The data referred to by the CIR was incorporated into two orders which were made a part of the tran*241script and copies of which were sent to both parties with notice that each would have 5 days to challenge, contradict, or rebut such information. The question we are called upon to decide is whether the CIR is empowered to go out in the first instance and conduct an investigation as to whether a particular wage is comparable to the prevalent, or whether it is entitled only to utilize this method to supplement and refine evidence which it finds to be sufficient, but not altogether satisfactory.

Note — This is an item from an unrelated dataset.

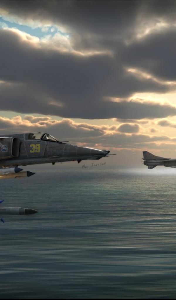 Wallpaper Fighter shot over the sea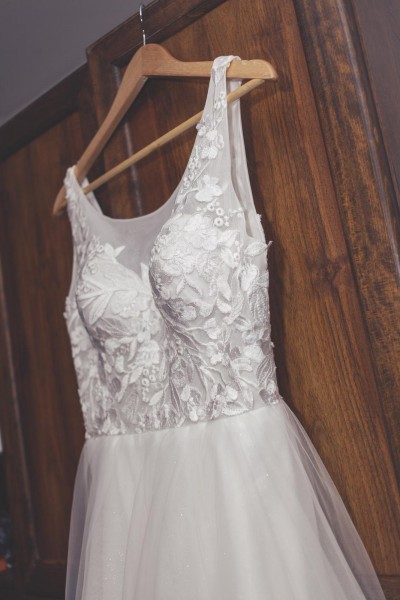Predám svadobné šaty.Vrch je snehovo biely,sukňa ivory s trblietkami.Trblietky na fotkách nie je vidieť.Veľkosť je S/M. Sú na zips a na šnurovačku.Pridám k nim kruh a závoj,na ktorom su olemované 3 D kvietinky. Som prvá majiteľka a sú vyčistené v čistiarni.

As we stated in Lincoln Fire Fighters Assn. v. City of Lincoln, 198 Neb. 174, 252 N. W. 2d 607 (1977), “* * * the burden is on the moving party in a section 48-818, R. R. S. 1943, case, to demonstrate that existing wages are not comparable to the prevalent wage rate, * * It is obvious that to do this it was necessary for Union first to establish by the evidence what were “the prevalent wage rates paid and conditions of employment maintained for the same or similar work of workers exhibiting like or similar skills under the same or similar working conditions.” § 48-818, R. R. S. 1943. In making this comparison it is necessary to take into consideration not only the wages for time actually worked but also wages for time not worked, including vacations, holidays, and other excused time; all other benefits received including insurance and pensions; and the continuity and stability of employment. “This was not done in this case as no evidence was presented on fringe benefits received by the firemen in those cities used for comparison.” Lincoln Fire Fighters Assn. v. City of Lincoln, supra. See, also, Crete Education Assn. v. School Dist. of Crete, 193 Neb. 245, 226 N. W. 2d 752 (1975).

With the exception of Fairbury, the municipalities tendered in Union’s array were from over 3 to nearly 10 times the size of the City of West Point. Fairbury, retained by the CIR to construct its array, was almost twice as large. This is not to say that *242such cities could not have been used if there was evidence of the labor market generally in those locations establishing comparable conditions. Beyond that, and perhaps of even more significance, is the finding of the CIR itself that “We find these comparables, properly adjusted, to be sufficient to carry the petitioner’s burden of showing that West Point wages are not comparable to the prevalent.” (Emphasis supplied.) The CIR is saying that the evidence presented, without adjustment, was not sufficient to carry Union’s burden. We are in complete agreement with this position. However, there is nothing in the record to indicate what adjustment was made. This was a critical finding to have been made, and to permit it to stand without support in the record would eliminate the requirement of burden of proof. While this position may seem to exalt form over substance, it must be remembered that the CIR’s sole function is to settle industrial disputes, and the principal onus in producing evidence is on the parties. The adversary nature of proceedings has been preserved in the CIR by the Legislature in providing that proceedings shall conform to the code of civil procedure applicable to District Courts, section 48-812, R. R. S. 1943; by the decision of this court as to burden of proof, Lincoln Fire Fighters Assn. v. City of Lincoln, supra; and, for that matter, by the procedures adopted and followed by the CIR itself. The result is that the CIR cannot, in a section 48-818, R. R. S. 1943, case, obtain evidence on its own motion unless the moving party has first made a prima facie case by satisfying the burden of proof of establishing noncomparability with prevalent conditions. Therefore, we must disregard the evidence obtained by the CIR on its own motion and are left with findings not supported by substantial evidence, resulting in the entry of an unjustified order which is therefore arbitrary, capricious, and unreasonable.

*243The City has assigned other errors which, in view of our holding, we find unnecessary to consider.

The order and judgment of the CIR is reversed and the cause ordered dismissed.

Reversed and dismissed.

Boslaugh, J., concurs in the result.